So, on Sunday I looked ahead at the week ahead of me and realized we had something planned very single night this week. I even had to decline a ladies night out with some friends because we were so booked up! Some of the obligations were enjoyable, some not so much. I looked ahead with mixed overwhelmedness (yeah I know it isn't a word, but it works) and with awe that we could be so busy. Such a far cry from our Crossville days!
However, I have been reading a book for my book club (one of those scheduled events) called "Receiving the Day." It is about the Christian practices that help us understand time and enjoy the fullness of the time God has given us. I thought this was a bit ironic to read during a week where time seemed to be taking over my life and dictating what I was to do. However, God sought to teach me a lesson in His sovereignty in my life and over time.
Monday I got up, did my normal things, grocery shopping, made a meal for a friend, took a shower and then enjoyed a scheduled dinner with friends that are moving. It was nice, but the whole time I was trying to not think about the days of busyness ahead. Tuesday I woke up, planning to go to a MOPS park play date that afternoon and my book club that night. I fretted because I had to read 3 more chapters and didn't see how I could get it all done. That is when the buckets and sheets came in... Addie threw up! Buckets came out, sheets spread to catch what I missed. Nothing stops life like the good ole' stomach flu. She continued through out the day and into the night. I still couldn't leave my planning alone. I began planning who would get sick next, what Tim and I would have to do to make it through this with sick kids and sick ourselves...and so on!
Again, God teaches me, we haven't gotten sick yet, but poor Addie just got worse and worse.
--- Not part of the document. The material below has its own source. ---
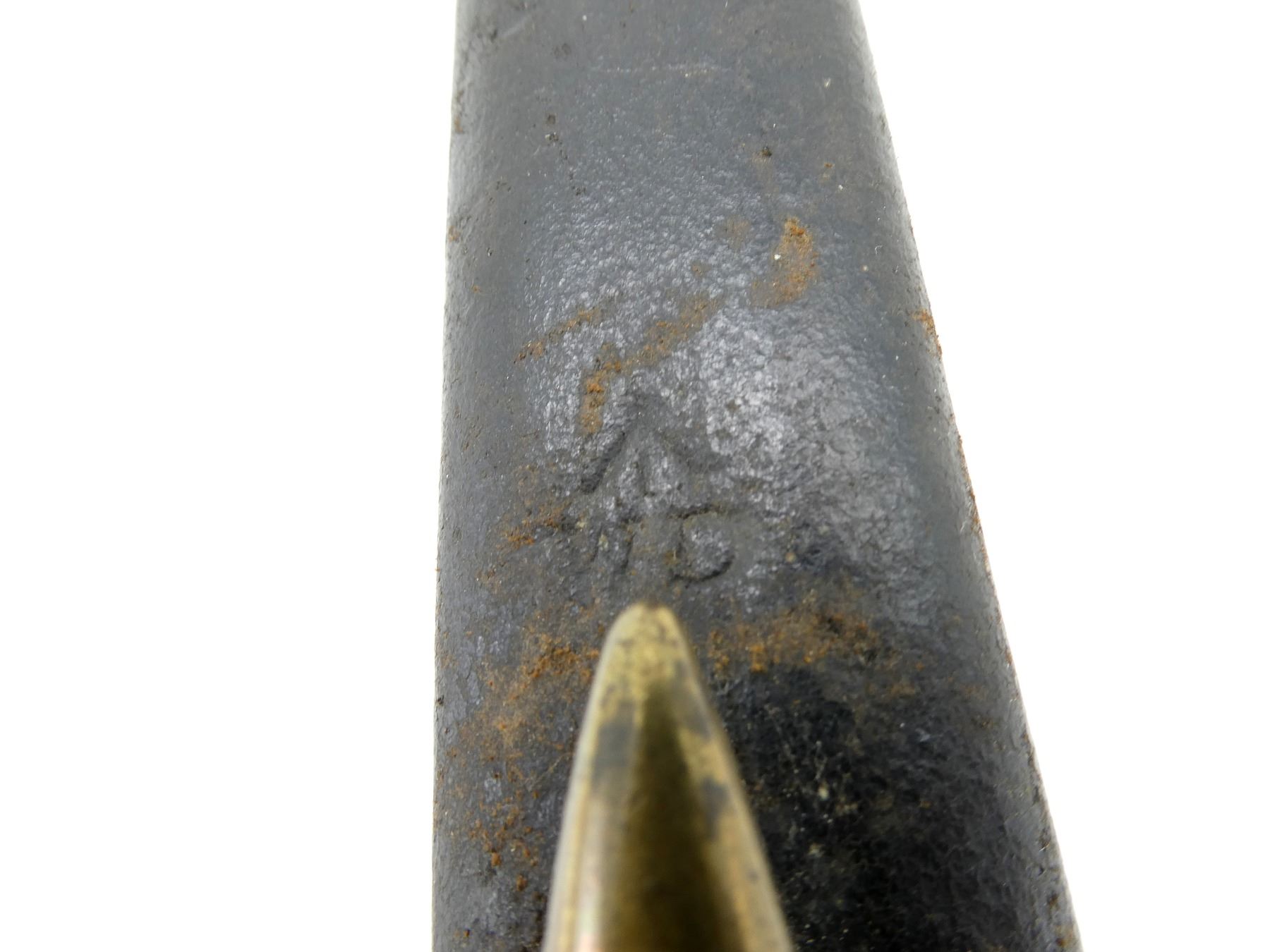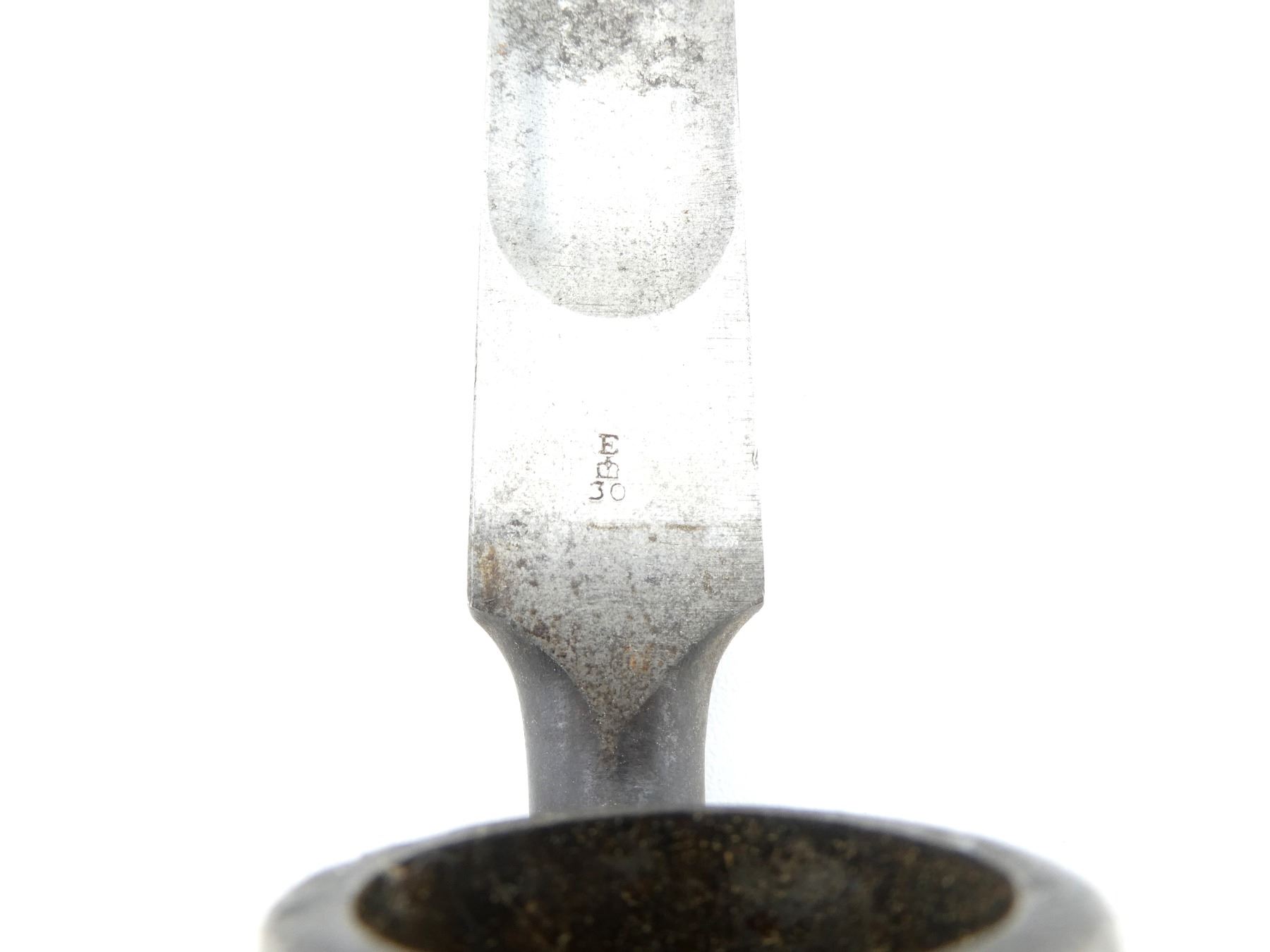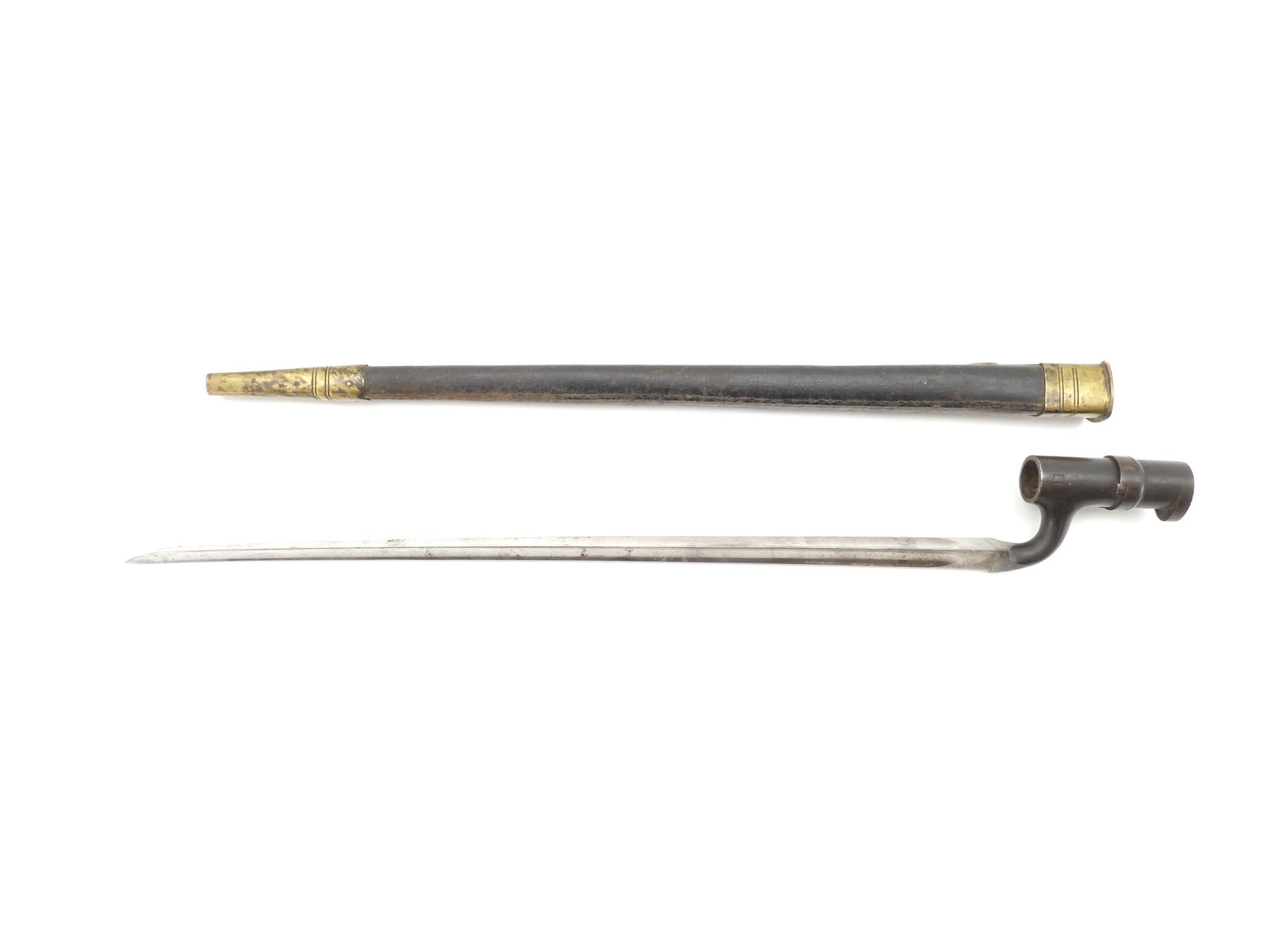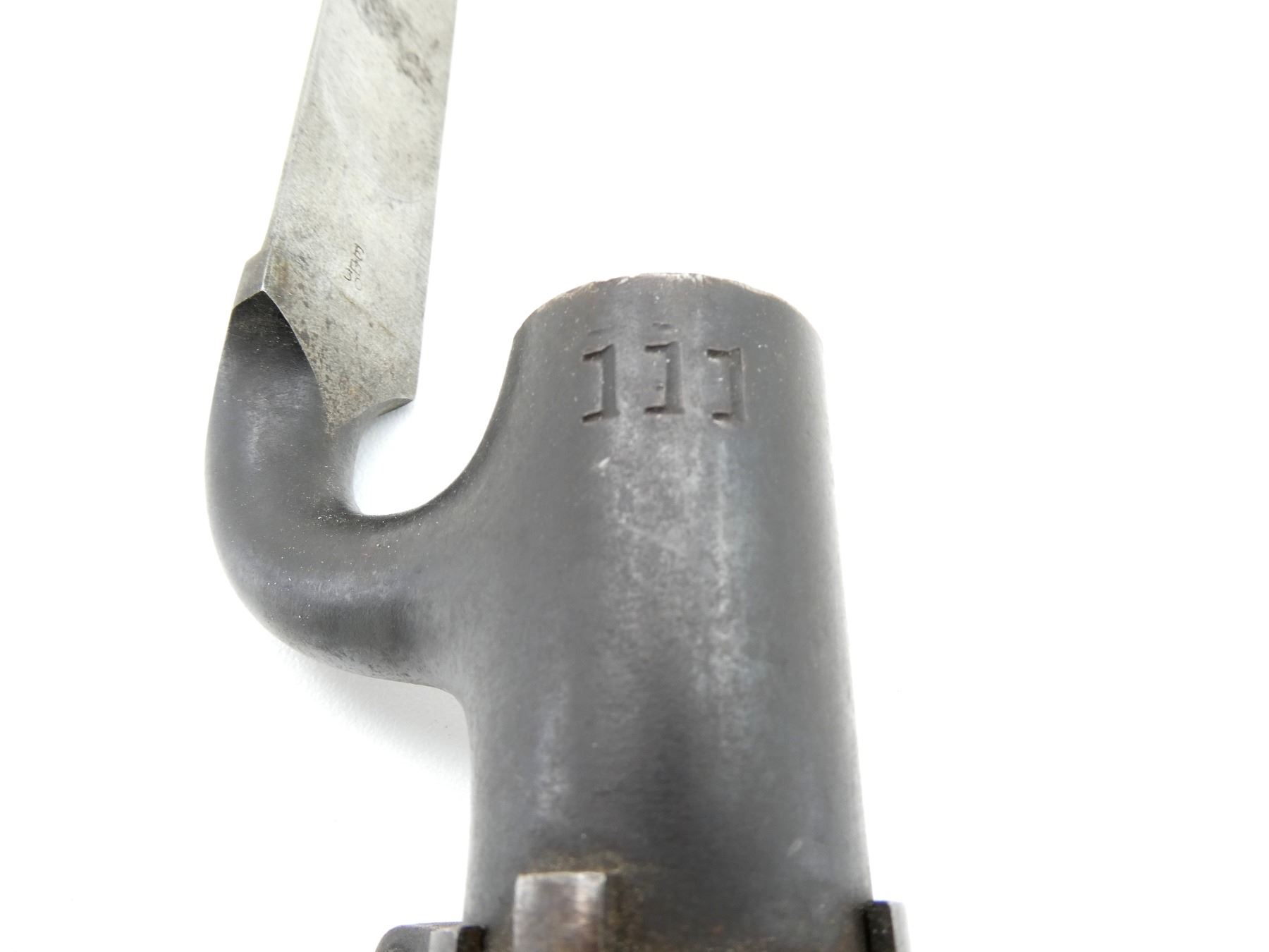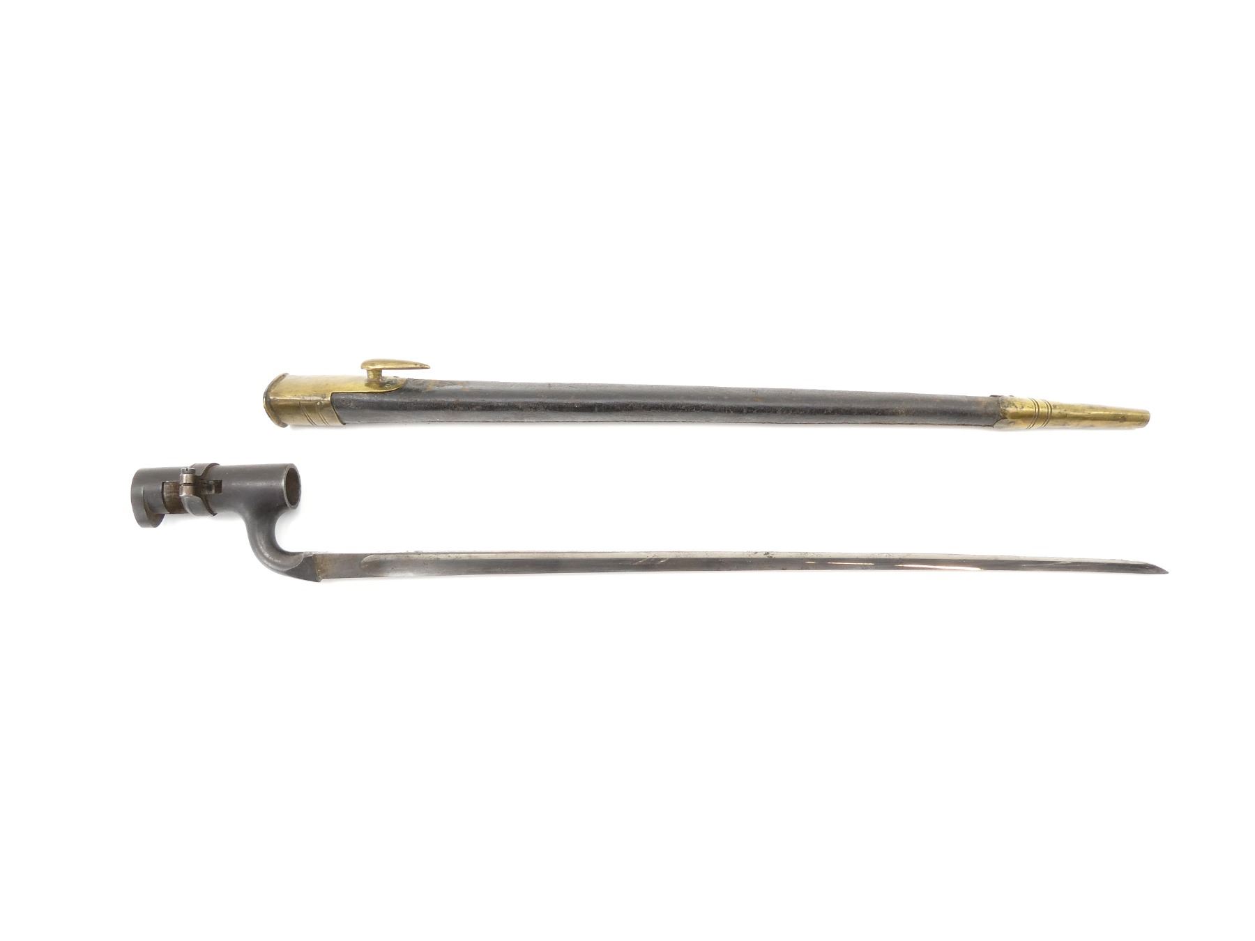 (1) FITS BRITISH 1853 ENFIELD & SNIDER-ENFIELD MUSKETS, BLADE MARKED: "E" OVER CROWN OVER "30", SOCKET MARKED: "111", WITH LOCKING RING, BLACK LEATHER & BRASS SCABBARD, LEATHER MARKED: BROAD ARROW OVER "WD", MUZZLE RING APPROX. 0.79" DIA., BLADE APPROX. 17.25" & OVERALL LENGTH APPROX. 20.75". SEE PHOTOS.

A crazy high fever, not eating, more horrid throwing up! She ended up in the ER by noon and is spending the night for observation tonight (that is why I am up). She is ok, nothing too serious, just really dehydrated and some side effect of this flu. Poor girl!
Any way, the rest of my week is now clear. Nothing is planned now. God is in complete control of all our days and just when we start to think we have it all planned out we discover that we don't have the first clue. In more ways than one I have learned the importance of surrendered time unto the Lord. I was reflecting that time is like money; as I know that all I have in assets is the Lord's to be given and taken as he pleases, so too is time. It is a gift, each day, each hour, each moment is the Lord's gift to me to be used so carefully. How incredibly presumptuous it is to schedule out a week, to expect the Lord to do as I plan. How wonderful it is that the Lord knows my "schedule" sees it is a wreck and intervenes on my behalf. However, I hope that he can leave out the buckets and sheets next time!
Psa. 139:16 "All the days ordained for me were written in your book before one of them came to be."
Prov. 16:9 "In his heart a man plans his course, but the LORD determines his steps."
Psa. 90:12 "Teach us to number our days aright, that we may gain a heart of wisdom."